Yeni kitabım çıktı ama, boyum yine uzamadı...
 

 

 

         Şair ne demiş? " Bir uzun soluktur yaşam” demiş ve kestirip atmış.

         İsmet Bozdağ ise ne demiş?  ‘’ŞİİR, bir altın zamanın ölümsüzlüğü kucaklaması ise / ŞİİR, yenilmişin zaferi, güzelliğin yürek fırtınası ise/ ŞİİR, mutluluğumuzun karakalem portresi ise/ Ve / Bir gün durup dururken, dünyayı yeniden kurmak hevesi düşüncenizde çınlamışsa “  

         Ve bir şiir bu kadar güzel tarif edilebilir.

         Eski Bakanlarımızdan İsmet Sezgin, “Bir uzun soluktur yaşam” kitabında da İzmir’e sevdacılığını şöyle anlatıyor: 

         "Söz açma bana İzmir’den / Anılarım depreşiyor / Yer sarsıntıları kopuyor içimde / Parça parça oluyorum/ Bölük bölük dökülüyorum sokaklara/ Seni arıyorum/ Oysaki sen mavi duygular içindesin/ İmbatla uyanıyorsun / Kaldırımlarda yağmur kokusu/ Başın yıldızlara eriyor / Evrenin yüceliğinde sen varsın  / Sonra gözlerin var / Sonra ellerin”  Şiir uzayıp gidiyor.

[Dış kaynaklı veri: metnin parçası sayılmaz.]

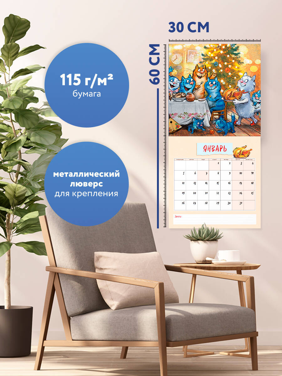 О серии: Наши настенные календари отличаются высоким качеством исполнения! Тщательно подобранные иллюстрации, напечатанные на глянцевой бумаге высочайшего качества, станут настоящим украшением дома, а в календарной сетке найдется место для ваших планов: большие клетки позволят делать записи и организовать свой год! В календаре также отмечены все государственные праздники. О календаре: Забавный милый календарь с зарисовками из жизни многодетной семьи знаменитых Синих Котов, завоевавших любовь тысяч поклонников в различных интернет-сообществах. Рина Зенюк - минская художница, герои ее рисунков - веселые и серьезные, решительные, мечтательные, очень упитанные коты синего цвета - понравятся не только заядлым любителям котиков, но и тем, кто до этого был к ним равнодушен. Свой жанр художница определяет как «котизм». Синие коты гарантированно дарят хорошее настроение и не оставят равнодушным никого! Для кого: Для всех поклонников творчества Рины Зенюк и ее замечательных синих котов! Технические параметры: - Тип календаря - настенный перекидной. - Год - 2026. - Календарная сетка - с разбивкой по месяцам. - Вид скрепления - скрепка. - Ширина - 30 см. - Высота - 30 см. - Внутренний блок - мелованная бумага 115 г/м2. - Подложка - плотный гофрокартон для поддержания формы. - Индивидуальная упаковка в плотный целлофановый пакет.

         Velhasıl “Şiir” denilince, hep İzmir akla gelir. Eskiden her yol   Roma’ya çıkardı. Şimdi İzmir’e, körfeze çıkıyor. Şiir yazacaksanız, İzmir’e gelin. Zira her gün kör kütük aşıksınızdır. Eee, böylesi kafa da şairlere lazımdır.

         “Biz, daldan eğme değil / Kökten sürme aşığız” /Böyle yaratılmışız. / Çünkü biz Ege’liyiz,. / Sevda ülkesindeyiz, / Biz Ege’liler, / Günün her saatinde /7 virgül 9 şiddetinde / Neş’elere batar çıkarız / Gündüz gece / Hayatımız zaten bir bilmece / Pilav üstü ”az Ege” istedin mi, / Çuvalı ile gelir / Yeter ki sen iste.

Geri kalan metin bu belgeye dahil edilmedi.